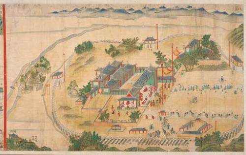| 과거시험장의 풍경을 그린 혜촌 김학수의 ‘과거 시험장’. 이야기를 나누거나 무언가를 쓰는 사람, 그것을 지켜보는 사람 등 시험장의 다양한 모습을 담았다. 국립민속박물관 제공 |
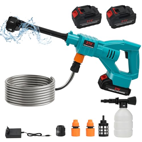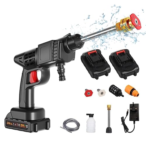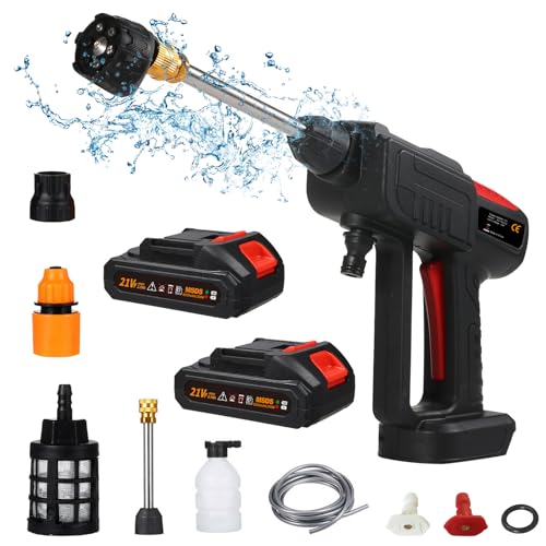 Mulcort Sladdlös högtryckstvätt, bärbar 50PSI högtryckstvätt med batteri och laddare 24 V 1500 mAh batteri elektrisk högtryckstvätt för biltvätt, vattna blommor
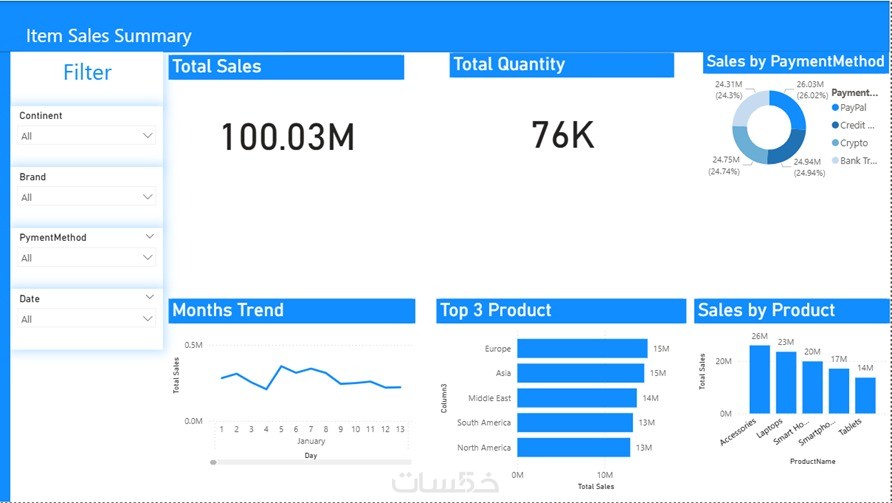 في نهاية العمل، ستحصل على ملف المشروع بصيغة (pbix) يحتوي على لوحة معلومات تفاعلية قابلة للتعديل والتطوير حسب احتياجاتك.
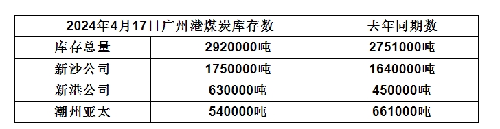 2024年4月17日广州港港口库存
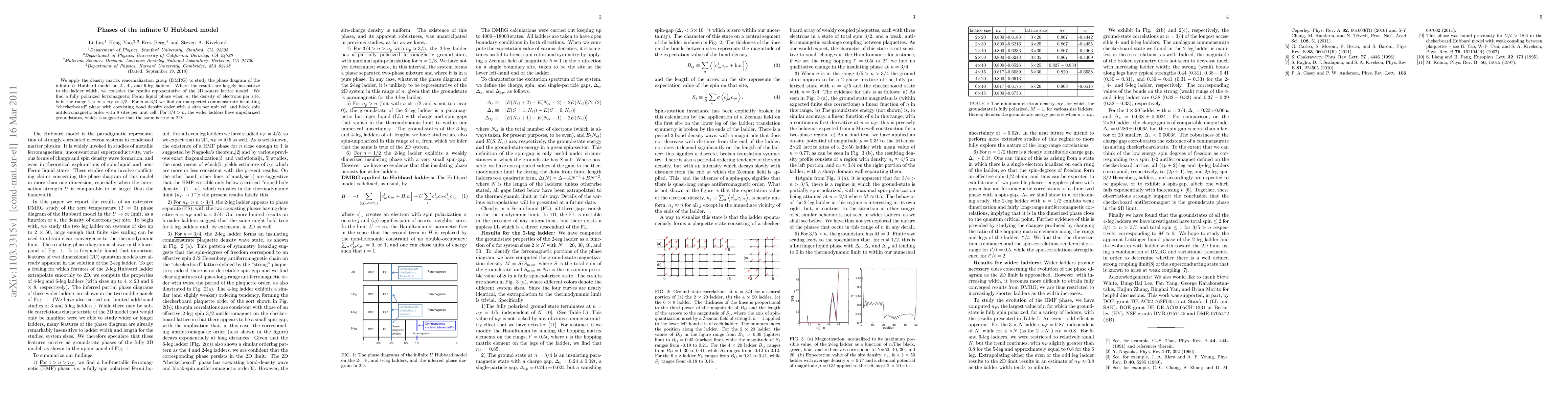 The DMRG study of the infinite U Hubbard model reveals a fully polarized ferromagnetic Fermi liquid phase for electron densities between 1 and n_F ~ 4/5, and an unexpected "checkerboard" insulating phase at n=3/4 with unique bond density order and antiferromagnetic spin structure. The results suggest broader ladders and likely 2D lattices exhibit unpolarized groundstates for higher densities.
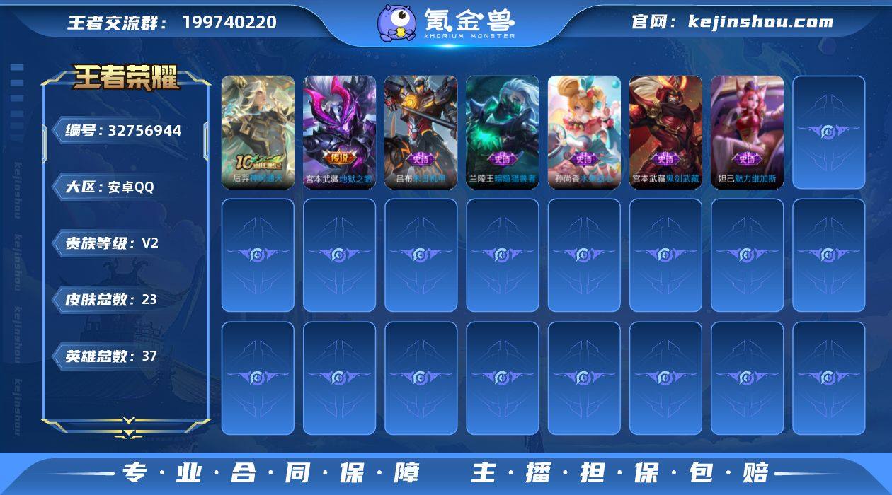 实名: 可修改 贵族等级: V2 英雄数: 37 皮肤数: 23 传说皮: 地狱之眼,神树通天
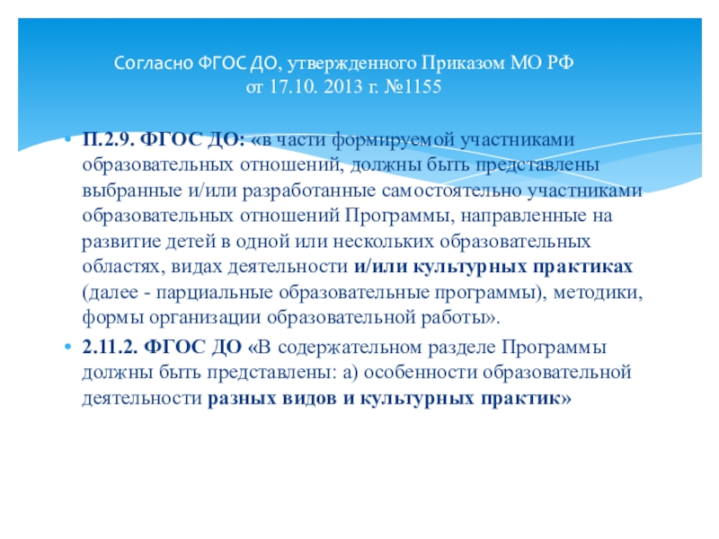 П.2.9. ФГОС ДО: «в части формируемой участниками образовательных отношений, должны быть представлены выбранные и/или разработанные самостоятельно участниками образовательных отношений Программы, направленные на развитие детей в одной или нескольких образовательных областях, видах деятельности и/или культурных практиках (далее - парциальные образовательные программы), методики, формы организации образовательной работы».
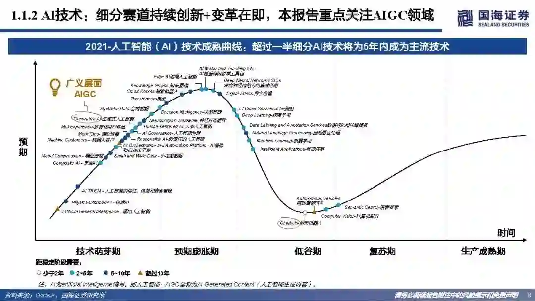 如同蒸汽时代的蒸汽机、电气时代的发电机、信息时代的计算机和互联网,人工智能正成为推动人类进入智能时代的决定性力量。全球产业界充分认识到人工智能技术引领新一轮产业变革的重大意义,纷纷转型发展,抢滩布局人工智能创新生态。人工智能细分赛道持续创新下变革在即,本报告重点关注AIGC领域。

## What is being asked
An exact copy of the records above is needed, free of pictures.

## Written solution
| 과거시험장의 풍경을 그린 혜촌 김학수의 ‘과거 시험장’. 이야기를 나누거나 무언가를 쓰는 사람, 그것을 지켜보는 사람 등 시험장의 다양한 모습을 담았다. 국립민속박물관 제공 |
 Mulcort Sladdlös högtryckstvätt, bärbar 50PSI högtryckstvätt med batteri och laddare 24 V 1500 mAh batteri elektrisk högtryckstvätt för biltvätt, vattna blommor
 في نهاية العمل، ستحصل على ملف المشروع بصيغة (pbix) يحتوي على لوحة معلومات تفاعلية قابلة للتعديل والتطوير حسب احتياجاتك.
 2024年4月17日广州港港口库存
 The DMRG study of the infinite U Hubbard model reveals a fully polarized ferromagnetic Fermi liquid phase for electron densities between 1 and n_F ~ 4/5, and an unexpected "checkerboard" insulating phase at n=3/4 with unique bond density order and antiferromagnetic spin structure. The results suggest broader ladders and likely 2D lattices exhibit unpolarized groundstates for higher densities.
 实名: 可修改 贵族等级: V2 英雄数: 37 皮肤数: 23 传说皮: 地狱之眼,神树通天
 П.2.9. ФГОС ДО: «в части формируемой участниками образовательных отношений, должны быть представлены выбранные и/или разработанные самостоятельно участниками образовательных отношений Программы, направленные на развитие детей в одной или нескольких образовательных областях, видах деятельности и/или культурных практиках (далее - парциальные образовательные программы), методики, формы организации образовательной работы».
 如同蒸汽时代的蒸汽机、电气时代的发电机、信息时代的计算机和互联网,人工智能正成为推动人类进入智能时代的决定性力量。全球产业界充分认识到人工智能技术引领新一轮产业变革的重大意义,纷纷转型发展,抢滩布局人工智能创新生态。人工智能细分赛道持续创新下变革在即,本报告重点关注AIGC领域。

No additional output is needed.